- Aim of the exercise: Please give all of the data again, character for character, and drop the pictures.

- Material provided:
--- START ---
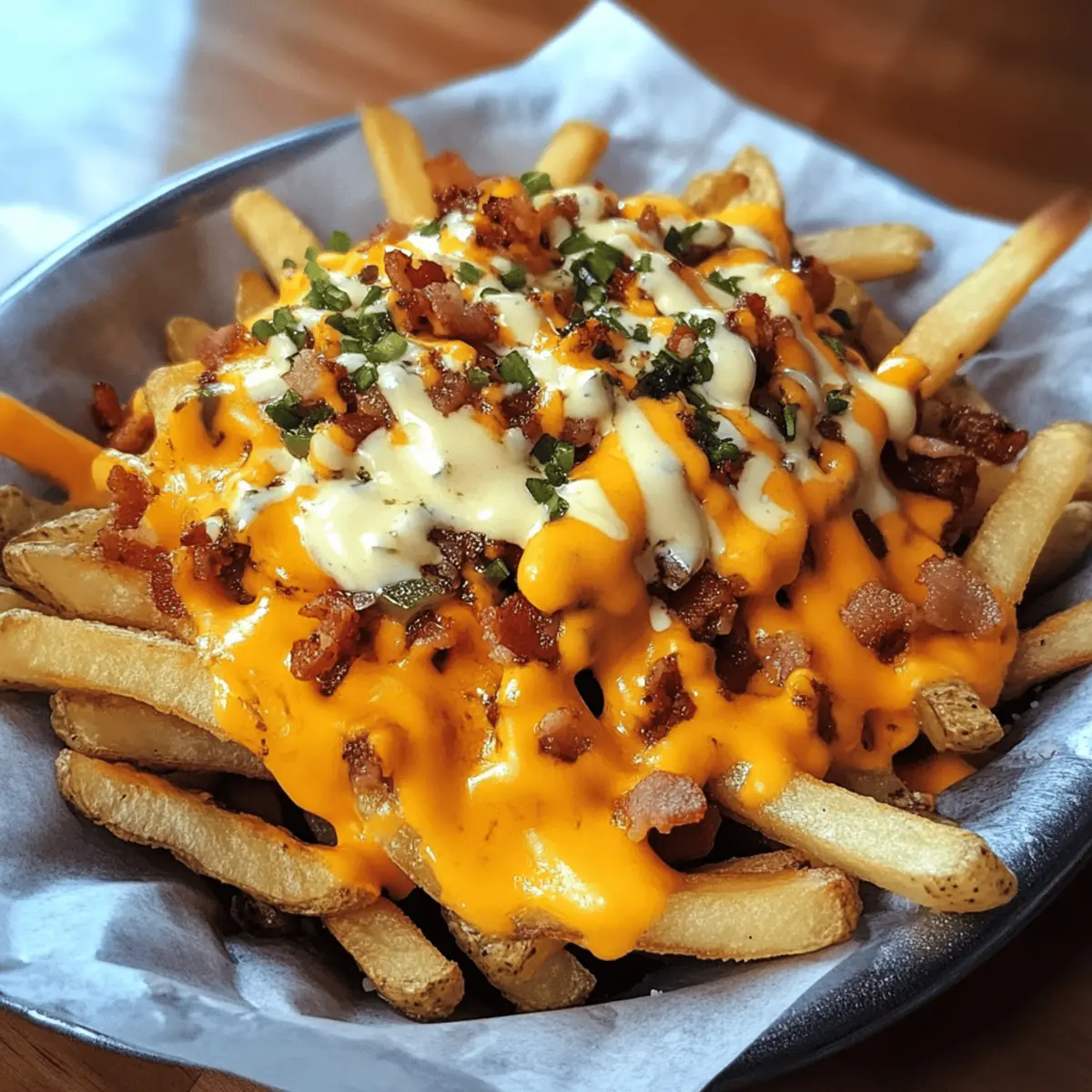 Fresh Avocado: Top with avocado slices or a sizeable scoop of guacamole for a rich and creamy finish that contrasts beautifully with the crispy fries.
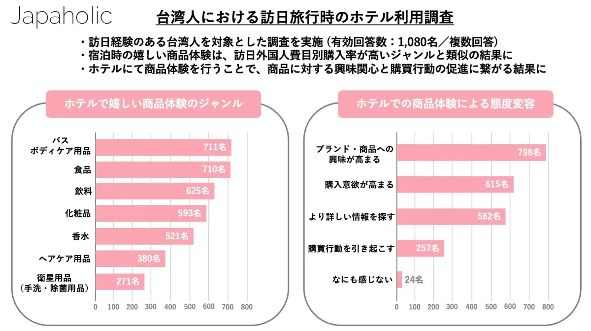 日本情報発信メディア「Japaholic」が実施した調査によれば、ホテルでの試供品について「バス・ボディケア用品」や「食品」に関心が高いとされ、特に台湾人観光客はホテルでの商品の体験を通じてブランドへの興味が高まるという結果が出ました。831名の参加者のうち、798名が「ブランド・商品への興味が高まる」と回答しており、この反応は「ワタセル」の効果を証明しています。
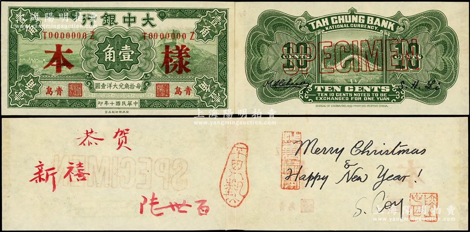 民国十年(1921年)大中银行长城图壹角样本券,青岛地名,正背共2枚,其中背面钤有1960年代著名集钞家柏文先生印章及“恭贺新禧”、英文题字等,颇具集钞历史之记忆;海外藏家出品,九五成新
--- END ---
- Solution below:
 Fresh Avocado: Top with avocado slices or a sizeable scoop of guacamole for a rich and creamy finish that contrasts beautifully with the crispy fries.
 日本情報発信メディア「Japaholic」が実施した調査によれば、ホテルでの試供品について「バス・ボディケア用品」や「食品」に関心が高いとされ、特に台湾人観光客はホテルでの商品の体験を通じてブランドへの興味が高まるという結果が出ました。831名の参加者のうち、798名が「ブランド・商品への興味が高まる」と回答しており、この反応は「ワタセル」の効果を証明しています。
 民国十年(1921年)大中银行长城图壹角样本券,青岛地名,正背共2枚,其中背面钤有1960年代著名集钞家柏文先生印章及“恭贺新禧”、英文题字等,颇具集钞历史之记忆;海外藏家出品,九五成新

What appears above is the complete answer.